Researchers develop biodegradable implant for nerve regeneration
Researchers from Northwestern University and Washington University School of Medicine in St. Louis have created a biodegradable implant that accelerates nerve regeneration and improves the healing of a damaged nerve.
The wireless device has been designed to wrap around an injured nerve and provide regular electricity pulses following a surgical repair process.
As the implant is biodegradable, it operates for approximately two weeks and then gets naturally absorbed into the body.
The researchers expect the bioresorbable electronic medicine to potentially replace pharmaceutical treatments for different medical conditions in humans.
As this device delivers therapy over a clinically relevant duration and directly at the target site, it is expected to decrease side-effects or risks that come with traditional, permanent implants.
Northwestern University Feinberg School of Medicine professor John Rogers said: “These engineered systems provide active, therapeutic function in a programmable, dosed format and then naturally disappear into the body, without a trace.
“This approach to therapy allows one to think about options that go beyond drugs and chemistry.”
While electrical stimulation is commonly applied during surgery to aid recovery, it cannot be given continuously throughout the healing process.
The new device is intended to offer continuous, scheduled stimulation at selected time points to enhance the recovery. It is powered and controlled wirelessly by a transmitter outside the body.

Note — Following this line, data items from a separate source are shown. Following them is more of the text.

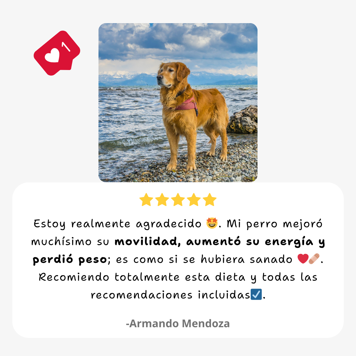 La Dieta de Soporte Articular es un producto digital en PDF que ofrece una dieta diaria natural, completa y formulada bajo los estándares de la AAFCO para perros adultos que necesitan apoyo en articulaciones y movilidad.
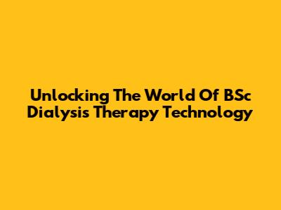 Unlocking The World Of BSc Dialysis Therapy Technology
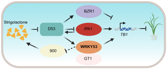 圖2. OsWRKY53調控水稻分蘗及微調獨腳金內酯信號的模式圖
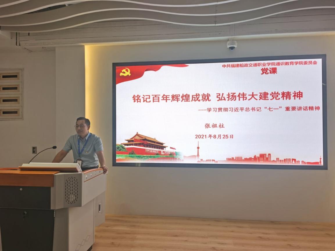 為深入學(xué)習(xí)貫徹習(xí)近平總書(shū)記在黨史學(xué)習(xí)教育動(dòng)員大會(huì)、習(xí)近平總書(shū)記在慶祝中國(guó)共產(chǎn)黨成立100周年大會(huì)上的重要講話(huà)和來(lái)閩考察時(shí)重要講話(huà)指示精神,扎實(shí)推進(jìn)黨史學(xué)習(xí)教育走深走實(shí),8月25日上午,學(xué)院黨委委員、副院長(zhǎng)張祖柱在學(xué)院黨建·思政·船政文化研學(xué)中心作題為《銘記百年輝煌成就,弘揚(yáng)偉大建黨精神》黨史學(xué)習(xí)教育專(zhuān)題黨課,通識(shí)教育學(xué)院黨總支全體黨員參加。
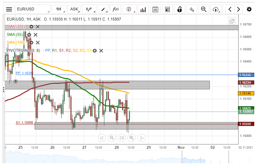Since the decline on October 25, the EUR/USD has continued to trade in range between the support of the 1.1585/1.1590 zone and the resistance of the 1.1618/1.1625 zone. Meanwhile, it has been spotted throughout the week that the hourly simple moving averages from time to time manage to impact the direction of the currency exchange rate.
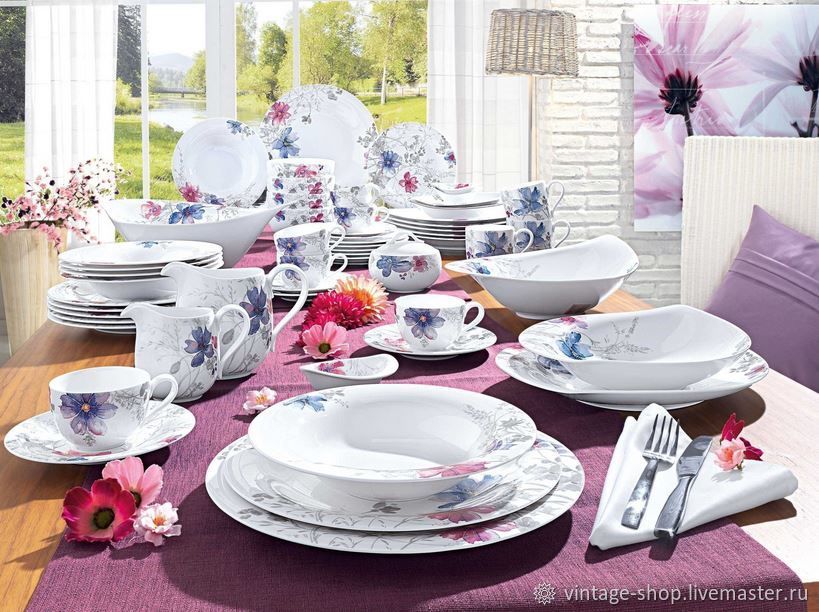 Цветочный декор Mariefleur Gris с одной стороны, обыгрывается романтично, а с другой по-современному минималистичен и всегда элегантен.Нарисованные легкой рукой элементы мотивов облагораживают эту посуду из фарфора класса премиум. Цветовые комбинации, необычные для стиля кантри, привлекают к себе все внимание.
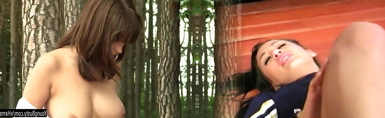 Huge-chested teen Rita masturbate outdoors
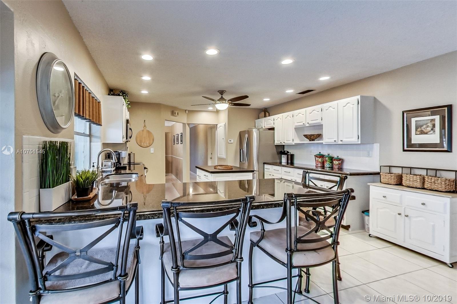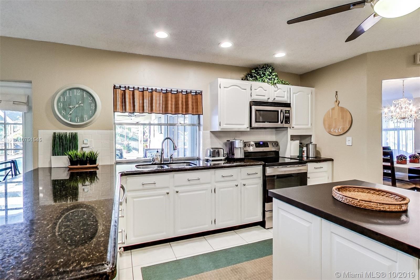 Beautiful home opportunity that will not last! This lg 2709 sq ft, 4 bdrm, 2 bth, pool home is a buyers dream. Nestled in the lovely community of Forest Hills in desirable Coral Springs. This home has 2 lg living areas, one pairs w/ a dining room & the other w/ an over sized updated kitchen w/ stainless steel appliances, clean white cabinets, black granite counter tops & a mobile island. The kitchen overlooks, through a large window above the sink, the gorgeous over sized resort style pool w/ newly sealed pavers & a fully screened in patio. Both living areas & the primary bedroom has direct access to the patio, 2 of which ways are through updated french doors. All of the bedrooms have over sized closets & ceiling fans. Carpet, ceramic tile & fresh paint throughout. Plus many more features.
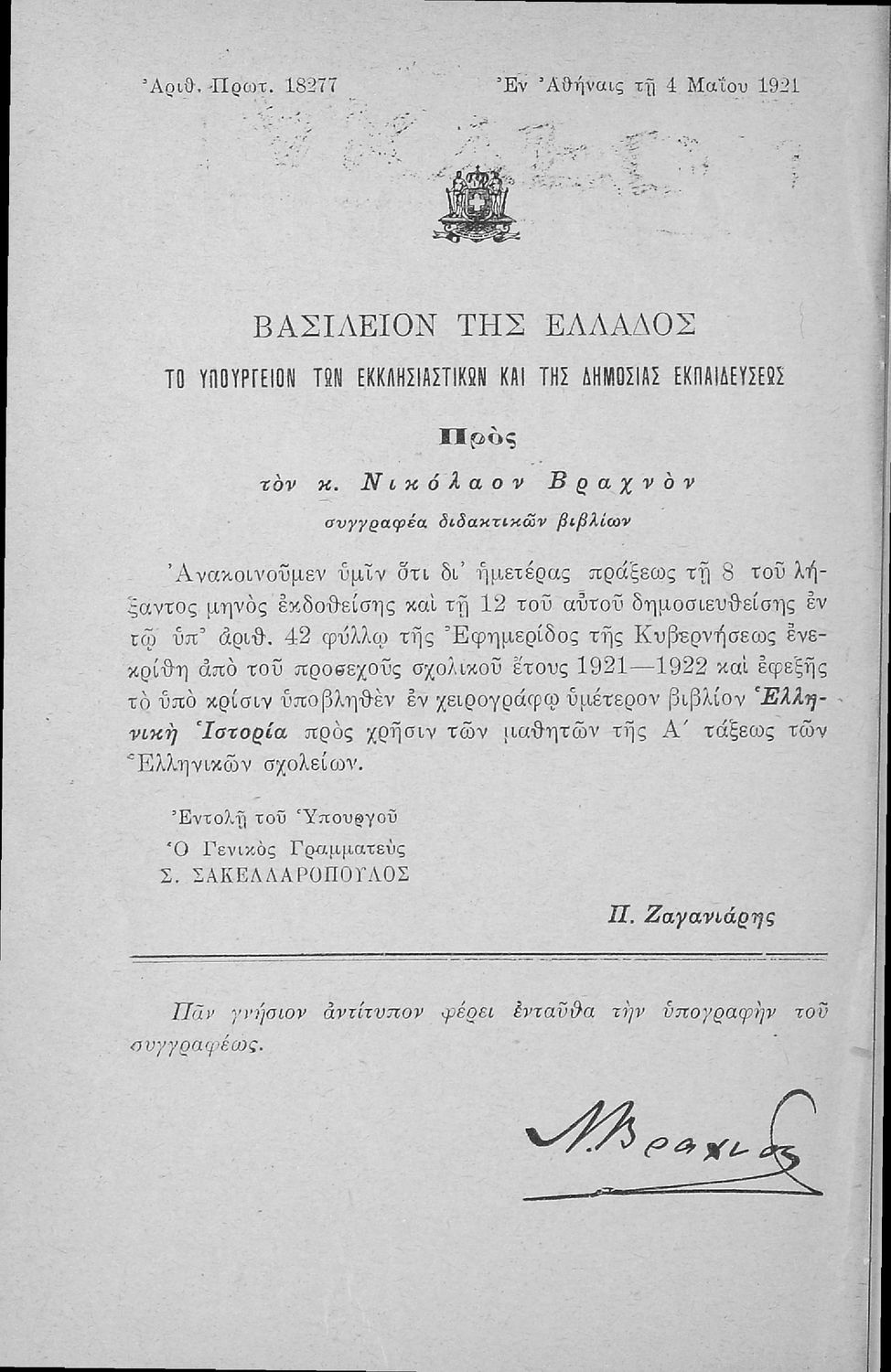Υπουργική απόφαση / Σύμβαση: 18277/4-5-1921
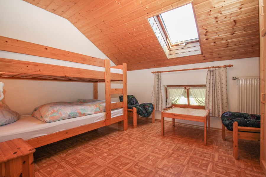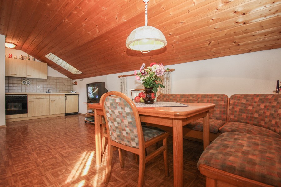Die Ferienwohnung Waldblick mit Balkon bietet 60 m² Wohnfläche für 4 - 5 Personen. Auf Wunsch haben Sie auch die Möglichkeit auf einen Brötchenservice. Sie verfügt über einen großen Wohn-/Schlafraum mit zusätzlichem Kinderzimmer, Kochnische, Essplatz, Dusche und WC, Ostbalkon mit Blick zur Alz.
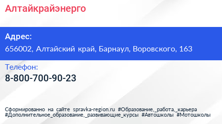 Алтайкрайэнерго по адресу 656002, Алтайский край, Барнаул, Воровского, 163 в дальнейшем Организация, размещена в следующих категориях:
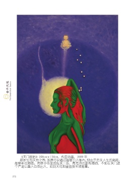 《天门脱胎》200cm×150cm,布面油画,2009 年 那长生的天地之炁,虽然可以通过胎息引入体内,但由于后天人生的消耗, 能修补也勉强。肉体中存放的先天一炁,再充沛也是有限的,不如在天门这 个产道让真人自由出入,回到天母那里直接采取能量。 272
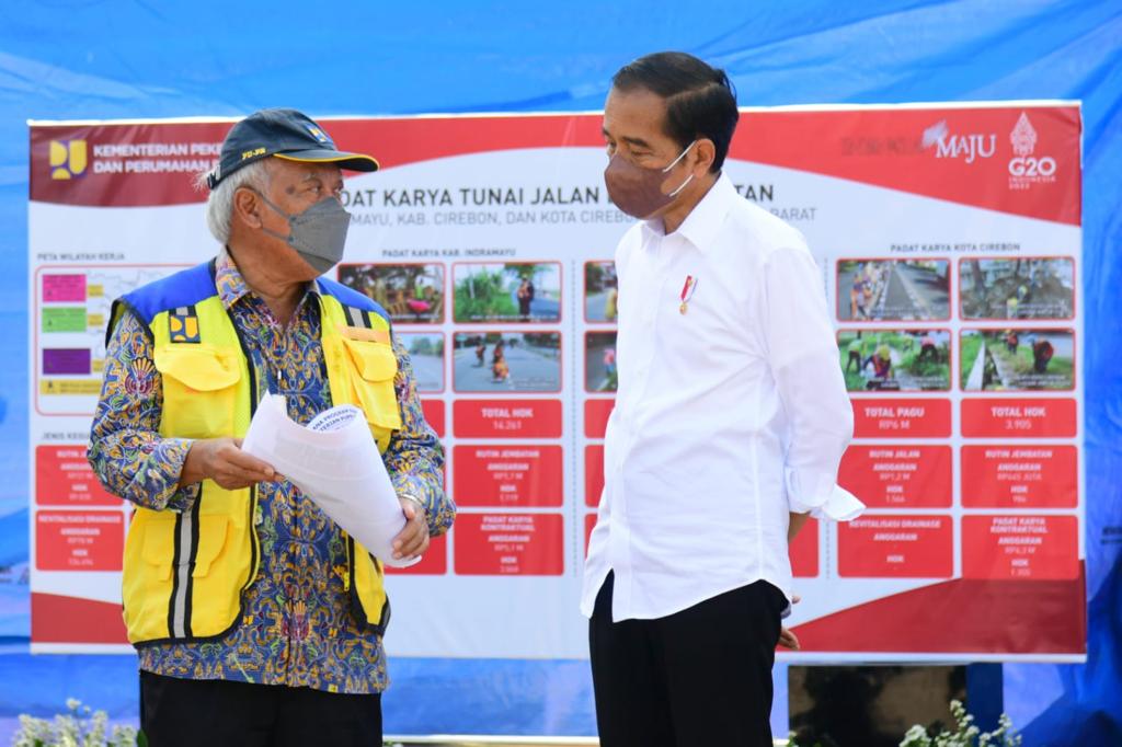 PEDOMAN.id – Presiden Joko Widodo meninjau kegiatan padat karya tunai jalan dan jembatan yang dilakukan di Kelurahan Panjunan, Kecamatan Lemahwungkuk, Kota Cirebon, pada Rabu, 13 April 2022. Kegiatan padat karya tunai tersebut mencakup pengerjaan pemeliharaan taman dan sarana pedestrian jalan.
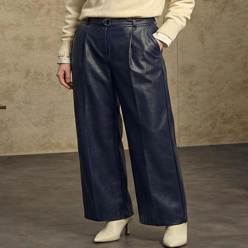 [리오벨][리오벨] FAUX 레더 세미와이드 팬츠
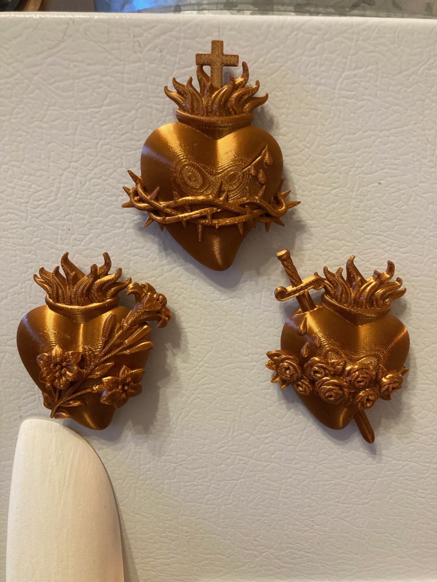 Refrigerator magnets of the Sacred Heart of Jesus, Immaculate Heart of Mary, & Most Chaste Heart of St. Joseph. Copper colored.
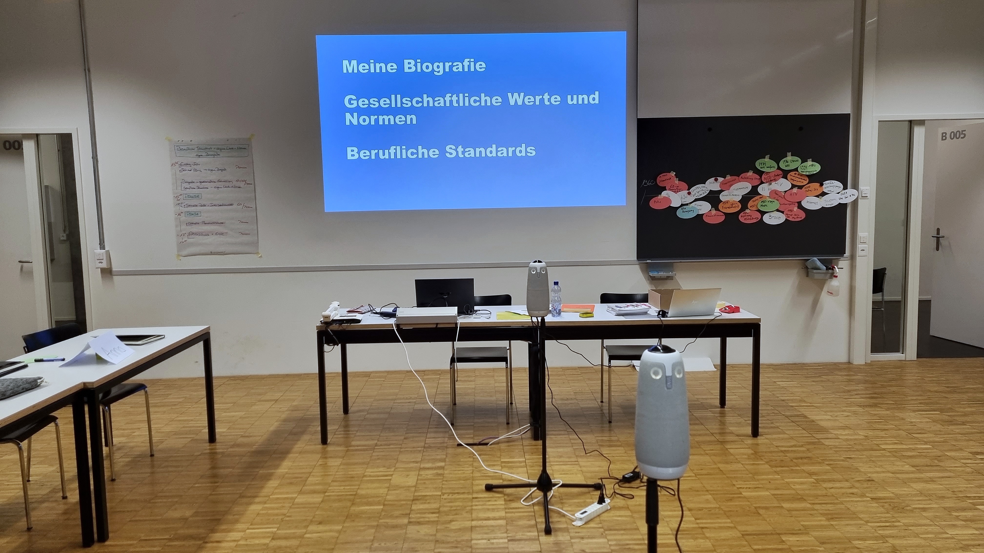 Ein Teil der Studierenden ist in Präsenz anwesend und ein Teil wird online zugeschaltet. Gruppenarbeiten werden medienübergreifend organisiert
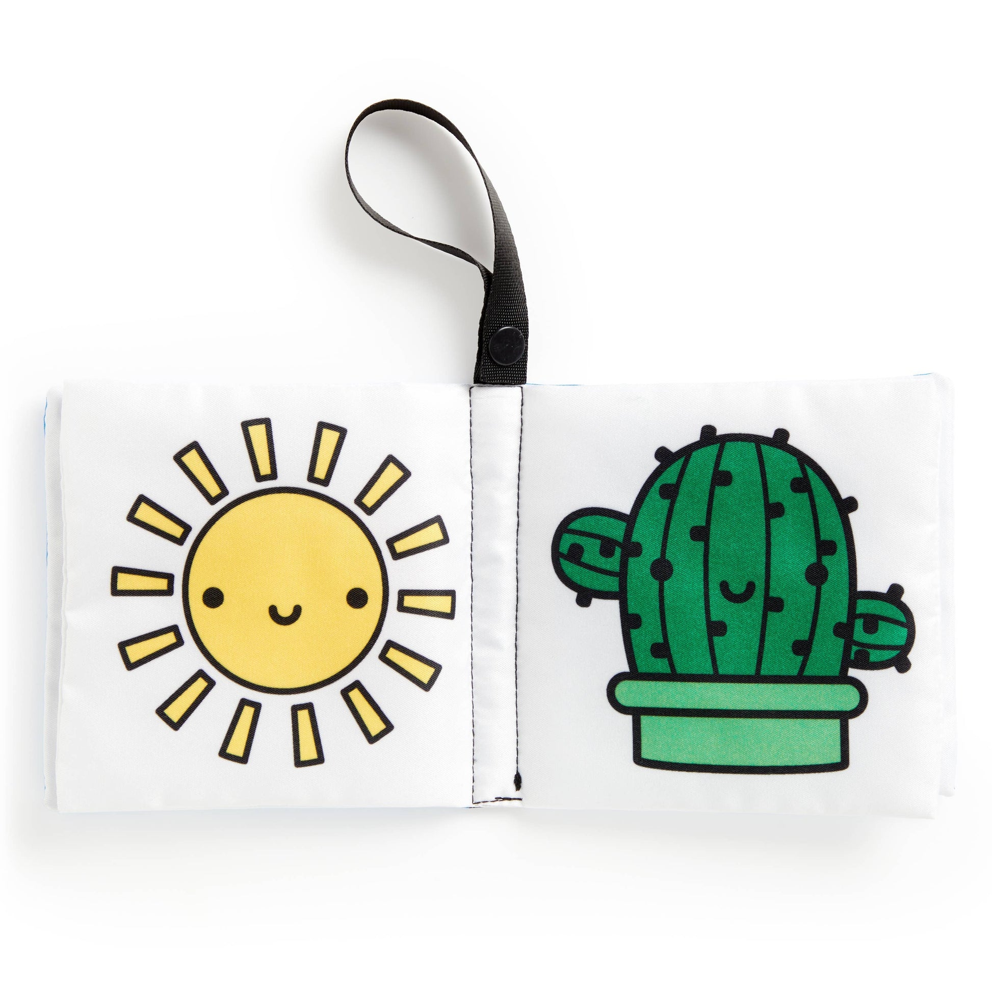 -Soft fabric book clips to baby’s stroller

When tested in rats, the implant was found to speed up the re-growth of nerves in their legs and enhanced the recovery of muscle strength and control.
It was further observed that electrical stimulation over a larger number of days led to quicker and more thorough recovery of nerve signalling and muscle strength. The researchers did not report any adverse biological effects related to the device and its reabsorption.
While the biodegradable implant is yet to be assessed in humans, it is expected to be helpful as a future therapy for nerve injury patients.